A retirement account is better: you pay tax one time – when you contribute or when you withdraw for spending, but the effect is the same for either a Roth IRA or Traditional IRA (and similar plans): you do not pay tax on the accumulated growth. The table above shows that the outcome for Roth and Traditional IRAs are the same. Read here if this is not clear to you – it’s not intuitively obvious that they are basically the same.

 

But a Health Savings Account (HSA) beats a retirement account: growth similarly is not taxed, but you pay NO TAX when you earn or when you withdraw for eligible spending. You accumulate more to spend with an HSA. (Read here on the 7% real return for stocks and here for the math for doublings that are mentioned in the note to the table above.)

 

== What’s an HSA? ==

 

A Health Savings Account (HSA) is associated with an eligible High Deductible Health insurance Plan (HDHP). Unfortunately we retirees who receive Medicare aren’t eligible. But your children or grandchildren may have an HDHP and therefore are eligible for an HSA.

 

HSA-eligible plans have lower monthly premiums but high deductibles shown below for 2019. The employee pays the first medical bills up to the stated deductible. Then the health plan pays most or all costs thereafter. An employee will know if the plan they pick is HSA eligible.

 

 

A high deductible plan is more attractive to younger folks who believe they are healthy and won’t consistently be out of pocket for the deductible. Since monthly premiums are lower, they’ll pay a lot less over time if they don’t spend much of the deductible. I think Patti and I went decades with very few medical bills. I think I visited a doctor less than once a year on average up to age 45. I would have found a high deductible plan attractive, but my employer never offered one.

 

Many employers only offer a high deductible plan (HDHP) that is HSA-eligible to their employees. I was on the board of Propel Schools, and that’s what they offered to their employees. Propel contributed to an employee’s HSA that they sponsored – that’s not unusual – such that the annual cost to an employee would always be attractive relative to a plan with a lower deductible – the kind I was most familiar with.

 

== Triple NOT TAXED #1 ==

 

Contributions to an employer’s HSA – or to one that an employee opens independently – are NOT TAXED. The employee records the contribution as a deduction from other income.
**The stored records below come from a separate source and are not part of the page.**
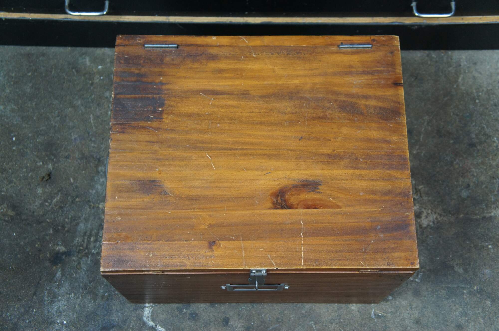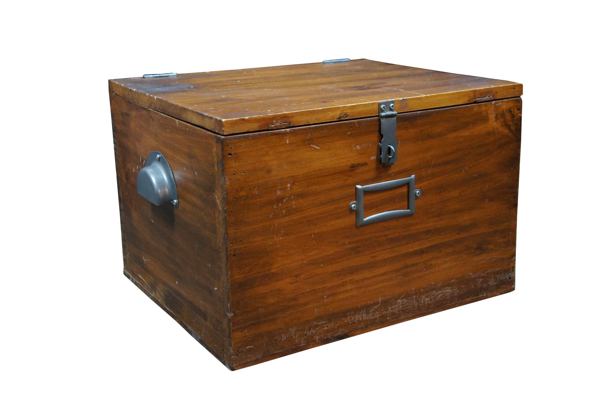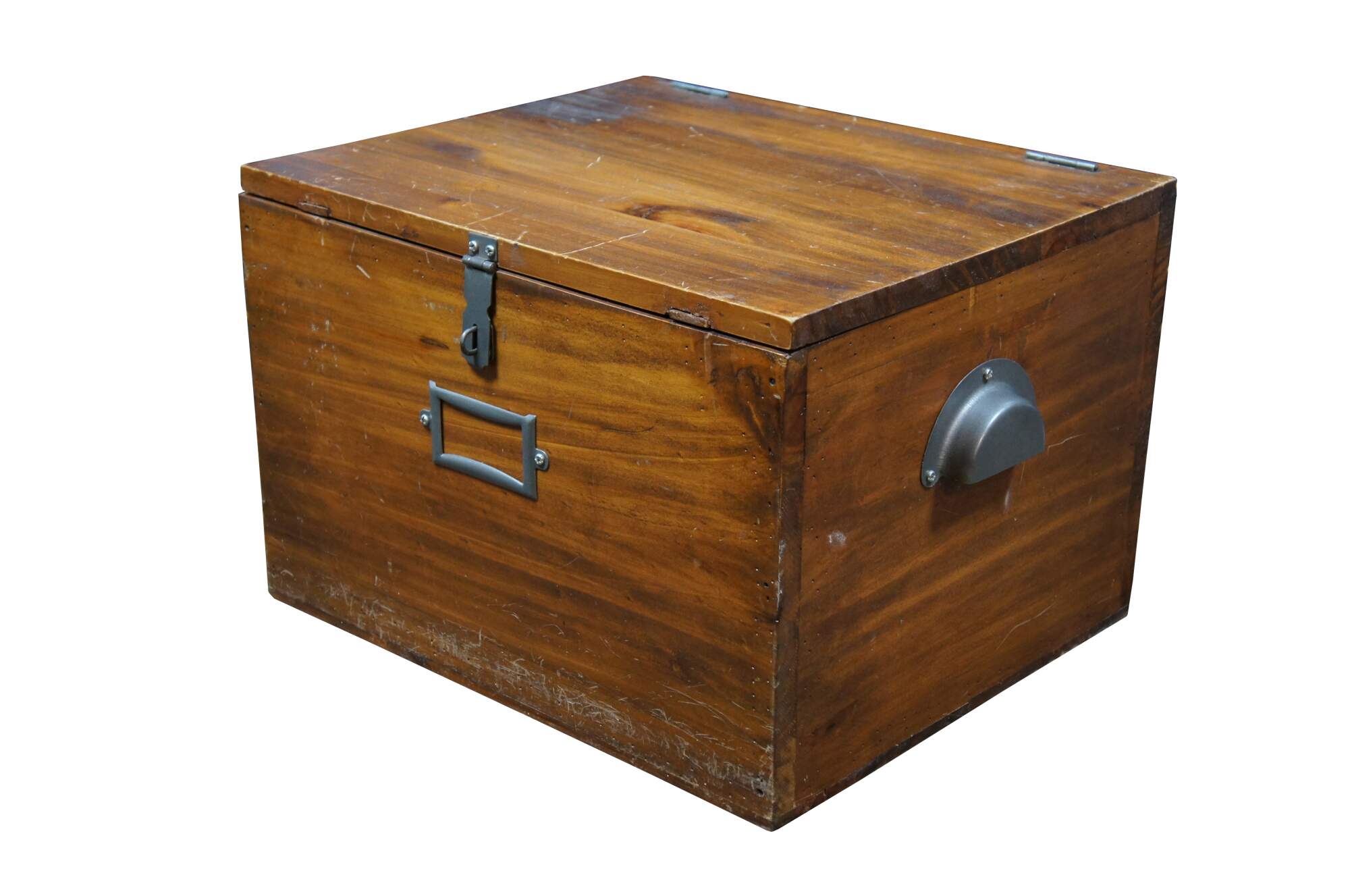 Late 20th century filing box / file chest, made of pine with gunmetal gray hardware - hanging file rods / bars, cup handles, lockable hasp, and label frame. Made in Philippines.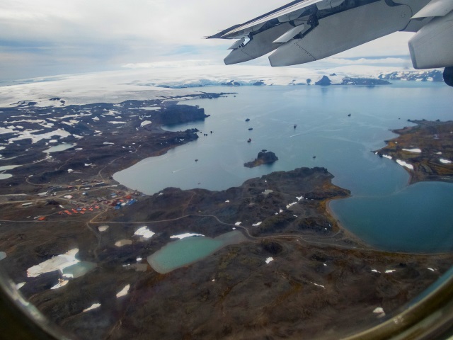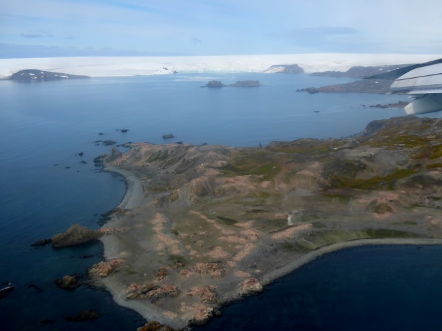 Am nächsten Morgen wurden wir zum Flugplatz gefahren und gegen 10.30 flogen wir in 1h50min nach KGI. Leider war der Himmel bewölkt, deshalb sahen wir Kap Horn nur andeutungsweise auf dem Rückflug. Nach einem tollen Landeanflug in einer Schleife über die russische, chilenische und chinesische Forschungsstation ging es zu Fuß zur russischen Station „Bellinghausen“. Wir hatten strahlenden Sonnenschein und kaum Wind bei etwa +5°C. In der Station zogen wir uns im Gemeinschaftsraum sogleich für den Marathon um.
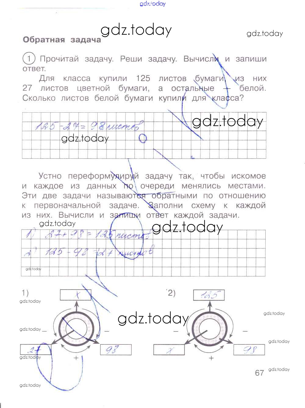 На страницах сайта gdz.today вы найдете учебный и вспомогательный материал, направленный на улучшения знаний школьной программы. ГДЗ - онлайн мир знаний Решение к части 1. Страницы 67 Тетради для самостоятельной работы по Математике для 2 класса Захарова, Юдина Академкнига Перспективная начальная школа 2016
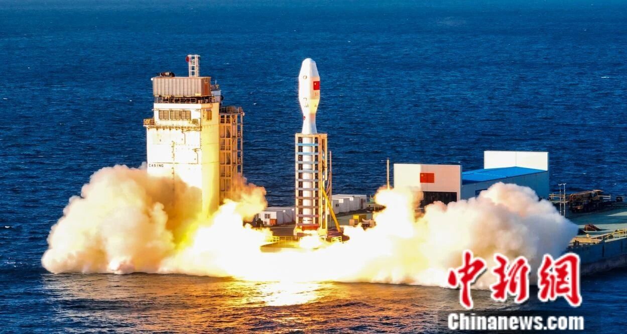 2025年10月11日,引力一号遥二运载火箭以“东方航天港”号发射船为平台,在山东海阳附近海域发射升空,将吉林一号宽幅星,数天宇星01、02试验星共3颗卫星送入预定轨道。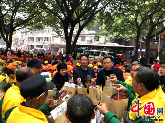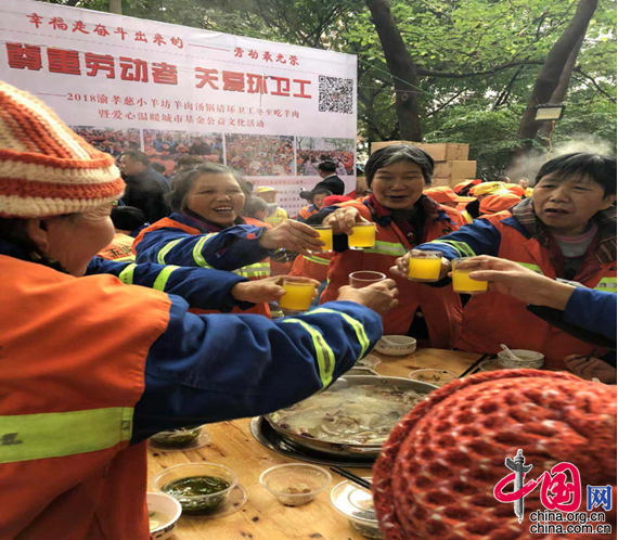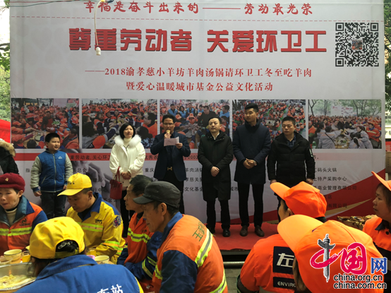 中国网12月24日讯 (岳思佳) 大地作纸,汗水当墨,扫帚为笔,绘美如画。12月23日,以“尊重劳动者、关爱环卫工”为主题的2018渝孝慈小羊坊羊肉汤锅店请环卫工冬至吃羊肉暨重庆广德公益慈善文化基金会“爱心温暖城市基金”公益文化活动在沙坪坝区天星桥举行。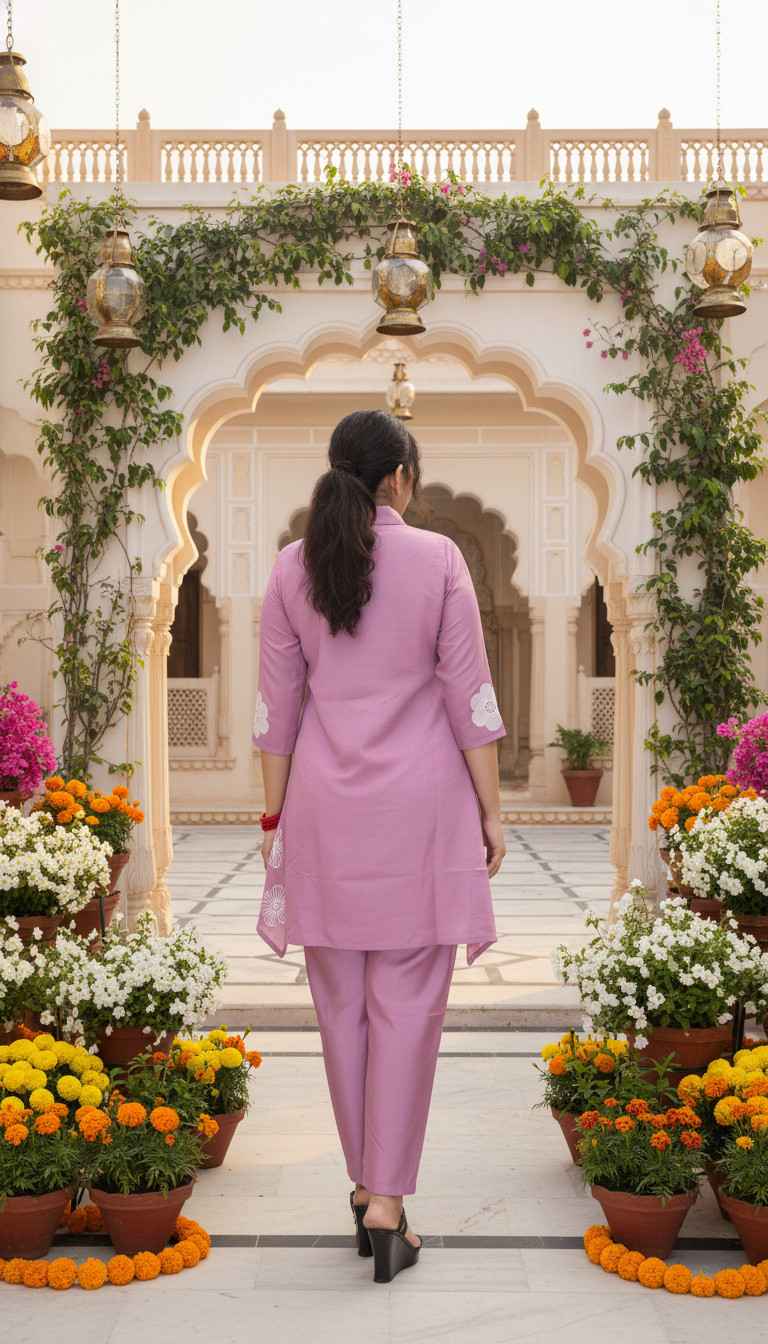 Perfect for daytime events, casual festive gatherings, family brunches, or elegant everyday wear. The Blush Petal Co-ord Set embodies effortless grace and modern Indian charm.

An employee can contribute $3,500 in 2019 ($7,000 Family Coverage). Contributions are not limited by higher income. (Contributions to Roth IRA are limited by higher income; the tax deduction for a contribution to a Traditional IRA is limited by higher income.)

 

== Triple NOT TAXED #2 ==

 

Growth of an investment in an HSA is NOT TAXED. This is the same as for a retirement account.

 

== Triple NOT TAXED #3 ==

 

Spending on eligible expenses is NOT TAXED. I look over the list and find that Patti and I have a significant amount of these expenses now. We’ve both had big dental expenses over the past five years, for example. I really would like to have had a triple tax-free account accumulating for the potential costs of long-term care.

 

== Never worse than a Traditional IRA ==

 

Over age 65 you can spend from an HSA for non-medical expenses – that vacation to Hawaii! – and pay tax just as if it was withdrawn from a Traditional IRA. Unlike a Traditional IRA, you are not required to make annual taxable withdrawals after age 70½. On death, what’s left in the HSA is treated like an inherited IRA.

 

== The investment benefit ==

 

An HSA is always better than a retirement account when you spend for eligible expenses. The net after tax from a retirement account is always lower than the amount from an HSA by the marginal tax rate – either when you contribute (Roth IRA) or when you withdraw (Traditional IRA). At a 22% marginal rate, you’d have 22% less in an IRA; this equates to 28% more from an HSA. You can see the power of compounding of returns. Let the amount you put into an HSA compound for many years: you put in $5,000; you have $8,800 MORE in purchasing power in 30 years from an HSA than from, e.g., a Roth IRA.

 

 

== Zero Cost! ==

 

The landscape of independent HSAs (and maybe company sponsored HSAs) has changed. I remember high account fees and horrible investment options when I looked at HSAs years ago. A big change came when Fidelity entered the game of independent HSA accounts just last November. You can read an opinion on this plan. See here for more detail. Here’s my snapshot of what one gets with an HSA at Fidelity. You can’t beat this:

 

 

 

Conclusion. We older retirees aren’t eligible for a Health Savings Account (HSA). But your son, your daughter, or a grandchild now may have a High Deductible Health Plan (HDHP) that is HSA (Health Savings Account)-eligible. An HSA is the best investment account for the future: contributions, growth and withdrawals for eligible expenses are never taxed. Nothing beats this. We should urge our children and others in our family who have an HDHP to contribute. Your gift now to their HSA is about the best financial gift you can make. That’s a 28% better gift than eventually leaving the balance of your IRA to them.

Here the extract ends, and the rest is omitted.